» **TASK ITEM**:
Two lines in the data below mark the range: the one with "Retro Blue and" and the one with "In this article". Return both, along with every line between them, exactly.

» **MATERIAL FOR THIS TASK**:

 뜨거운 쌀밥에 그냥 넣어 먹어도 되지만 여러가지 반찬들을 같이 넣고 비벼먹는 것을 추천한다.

...

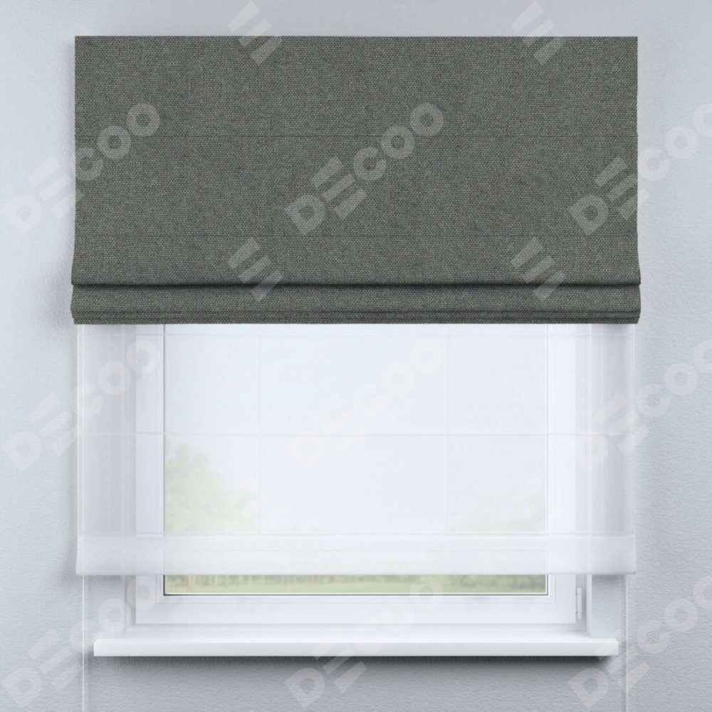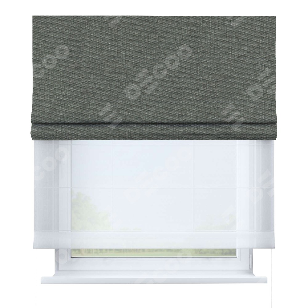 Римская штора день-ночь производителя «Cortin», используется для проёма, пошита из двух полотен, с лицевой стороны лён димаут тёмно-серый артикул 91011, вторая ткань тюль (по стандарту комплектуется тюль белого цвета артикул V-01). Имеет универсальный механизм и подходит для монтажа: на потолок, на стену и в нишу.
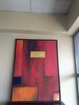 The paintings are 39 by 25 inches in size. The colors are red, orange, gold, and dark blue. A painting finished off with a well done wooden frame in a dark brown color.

--

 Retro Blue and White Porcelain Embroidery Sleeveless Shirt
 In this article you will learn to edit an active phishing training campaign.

» **REPLY**:
 Retro Blue and White Porcelain Embroidery Sleeveless Shirt
 In this article you will learn to edit an active phishing training campaign.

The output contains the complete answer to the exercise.